We titrated the following 11 analytes: Glyp, Oxa, Mal, CA, PPI, AMP, ADP, ATP, 4-CPA, 2,4-DCBA and salicylate (A1–A11). The specific operation is as follows: After mixing 0.9 mL of the AET-AuNPs (pH = 5.5, MES = 10 mM) solution and 0.1 mL of analyte together in a cuvette, the resulting solution was incubated. UV–vis titration of oxyanions was implemented and recorded using a Lambda 365 UV–visible spectrometer. Responses of the sensor array upon addition of oxyanions were recorded using a PowerWaveHT enzyme marker.

2.4. Colorimetric Assay

The experiments for the qualitative and quantitative analysis of the colorimetric sensor array were carried out in 96-well plates and observed with a PowerWaveHT microwell spectrophotometer. The colorimetric response of eleven oxyanions with three sensor elements was tested and collected. The specific process is as follows: First, 180 μL of AET-AuNP solution (pH = 5.5, MES = 10 mM) was mixed with 20 μL of analytes (pH = 5.5). All solutions were prepared at room temperature. Response data from 400 nm to 800 nm were measured and recorded using the PowerWaveHT microplate reader. The array assay of each sample was repeated 24 times; the obtained spectral data were subjected to a T-test, and 4 abnormal data points were eliminated, resulting in the coefficient of variation of the last 20 repeated data points being less than 9%. In such a way, a multidimensional response model (3 sensors × 11 oxyanions × 20 repetitions) was constructed. Linear discriminant analysis (LDA) was used to perform qualitative and semiquantitative analysis. Support vector machine (SVM) was used to perform principal component analysis and automatic scaling preprocessing on the dataset. SYSTAT 13.0 and Solo software were used to perform statistical analysis on all data matrices.

3. Results

3.1. Structural Characterization of AET-AuNPs

In this work, we report a colorimetric sensor array comprising three sensors (S1–S3) that can simultaneously identify 11 analytes with good classification rates. Figure 1 shows the molecular structures of oxyanions, sensing elements and sensing diagram of the AET-AuNP colorimetric sensor array. The diameter, morphology and aggregation of nanoparticles were determined by dynamic light scattering (DLS) and transmission electron microscopy (TEM). The particle sizes of S1–S3 were 24.79 ± 1.7 nm, 28.36 ± 1.2 nm and 38.53 ± 0.85 nm (Figure 2a–c), respectively, and the morphology was spherical and uniform in size (Figure 2d–f). The colorimetric detection depended on the aggregation of S1–S3 with oxyanions, and thus the aggregation behaviors of the AET-AuNPs were investigated. The TEM results indicated that the addition of glyphosate induced the instant aggregation of sensors S1–S3 (Figure 2g–i). Meanwhile, the color of the solution changed from red to Cambridge blue (Figure 2g,h) or purple (Figure 2i). EDS confirmed that the binding events occurred between the oxyanions and aminothiols attached to the surface of AuNPs (Figure 3). The DLS result indicated that the diameter of S1 with glyphosate aggregate had been enlarged 77 times. Moreover, absorption peaks at 2501 cm−1 and 2550 cm−1 originated from the S-H stretching vibration band in FT-IR spectra (Figure 4).

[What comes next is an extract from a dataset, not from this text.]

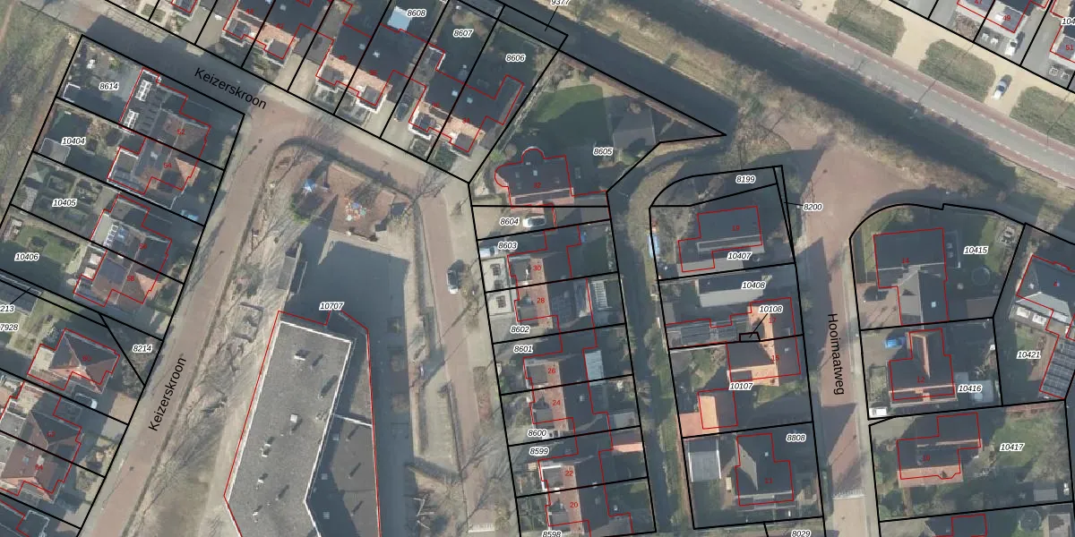 Keizerskroon 30 is gelegen op kadastraal perceel LSR00H8603. Deze kadastrale aanduiding is uniek en wordt gebruikt door het Kadaster om eigendomsrechten en andere zakelijke rechten vast te leggen. Het perceel maakt onderdeel uit van de kadastrale gemeente Losser.

3.2. Development of the Oxyanion Sensor

Previous reports testified that both pH value and ionic strength drastically affect the aggregation of AuNPs. In order to determine the effect of pH on the prepared AET-AuNP sensors, we investigated the change in absorbance of gold nanoparticles in the pH range from 2 to 12. Figure 5 illustrates that the A640/A530 ratio of S1–S3 began to increase at pH 5.5; based on this result, pH 5.5 was determined as the optimal pH value in all sensor array assays. Next, we investigated the spectral changes of the prepared chemosensors in response to chemical stimuli in an aqueous solution by using UV–vis spectroscopy (Figures S4–S26, ESI). The absorption peaks of S1–S3 are 525 nm, 530 nm and 540 nm, respectively. Figure 6 shows drastic spectral shifts of S1–S3 in the presence of oxalate. With the addition of oxalate, the absorbance peak of S1–S3 undergoes a remarkable redshift from 530 nm to 640 nm. Notably, S1 and S2 exhibited relatively more sensitive responses to the target oxalate than S3, which suggested that the AuNPs with the shorter chain length of functional groups were more proper for designing more sensitive sensors. As shown in Figures S4–S26, the cross-reactivity of S1–S3 for A1–A11 confirmed that the prepared chemosensors are suitable for preparing a sensor array for simultaneous detection of multiple oxyanions.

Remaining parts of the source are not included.